> _INPUT DATA_
···

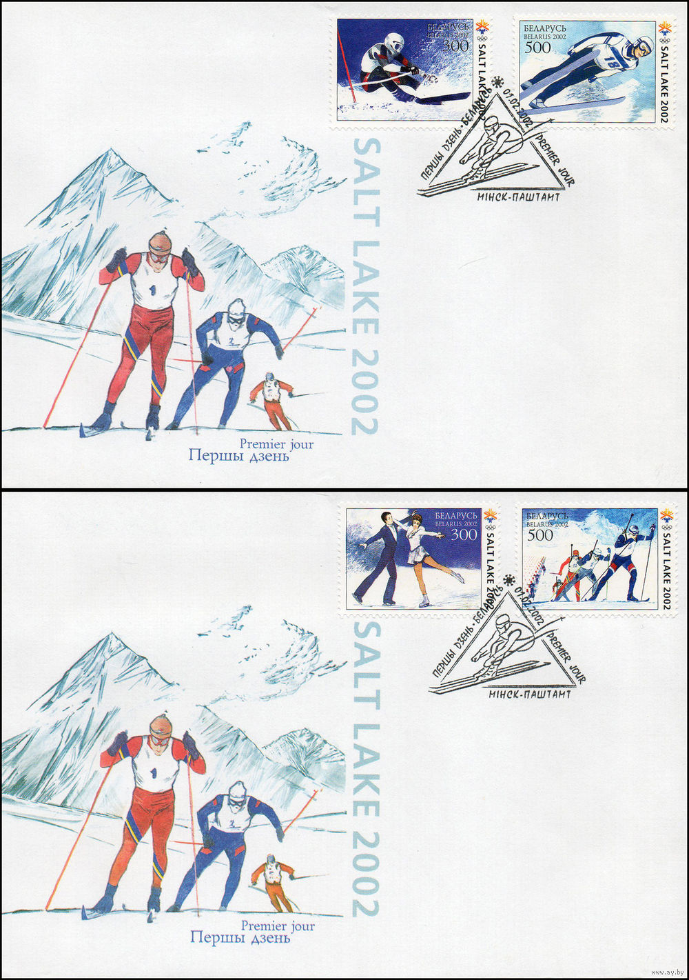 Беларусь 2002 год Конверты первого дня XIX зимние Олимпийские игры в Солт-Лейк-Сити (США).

···

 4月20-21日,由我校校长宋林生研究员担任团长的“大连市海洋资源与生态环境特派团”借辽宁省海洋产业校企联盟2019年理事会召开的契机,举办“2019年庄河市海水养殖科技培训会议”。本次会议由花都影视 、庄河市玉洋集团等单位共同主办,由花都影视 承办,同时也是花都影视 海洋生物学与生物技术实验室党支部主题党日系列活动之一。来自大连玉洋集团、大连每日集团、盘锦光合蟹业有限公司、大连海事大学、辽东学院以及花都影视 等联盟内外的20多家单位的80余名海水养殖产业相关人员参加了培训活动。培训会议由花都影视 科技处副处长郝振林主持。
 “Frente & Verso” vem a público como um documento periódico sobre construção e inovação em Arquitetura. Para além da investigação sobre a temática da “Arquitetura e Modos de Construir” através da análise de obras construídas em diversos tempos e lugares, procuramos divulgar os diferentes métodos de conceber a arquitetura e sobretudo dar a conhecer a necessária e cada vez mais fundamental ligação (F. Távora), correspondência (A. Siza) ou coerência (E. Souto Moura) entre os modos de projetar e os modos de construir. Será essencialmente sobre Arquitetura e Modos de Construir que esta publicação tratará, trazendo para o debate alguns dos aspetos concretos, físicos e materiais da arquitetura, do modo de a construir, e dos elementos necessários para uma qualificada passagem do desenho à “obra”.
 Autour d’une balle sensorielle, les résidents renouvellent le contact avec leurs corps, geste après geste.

···

> _PROBLEM DETAILS_
Given the data above, transcribe exactly the lines from the one containing "vem a público" down to the one containing "Autour d’une balle", and no others.

> _RESULT OF THE EXERCISE_
 “Frente & Verso” vem a público como um documento periódico sobre construção e inovação em Arquitetura. Para além da investigação sobre a temática da “Arquitetura e Modos de Construir” através da análise de obras construídas em diversos tempos e lugares, procuramos divulgar os diferentes métodos de conceber a arquitetura e sobretudo dar a conhecer a necessária e cada vez mais fundamental ligação (F. Távora), correspondência (A. Siza) ou coerência (E. Souto Moura) entre os modos de projetar e os modos de construir. Será essencialmente sobre Arquitetura e Modos de Construir que esta publicação tratará, trazendo para o debate alguns dos aspetos concretos, físicos e materiais da arquitetura, do modo de a construir, e dos elementos necessários para uma qualificada passagem do desenho à “obra”.
 Autour d’une balle sensorielle, les résidents renouvellent le contact avec leurs corps, geste après geste.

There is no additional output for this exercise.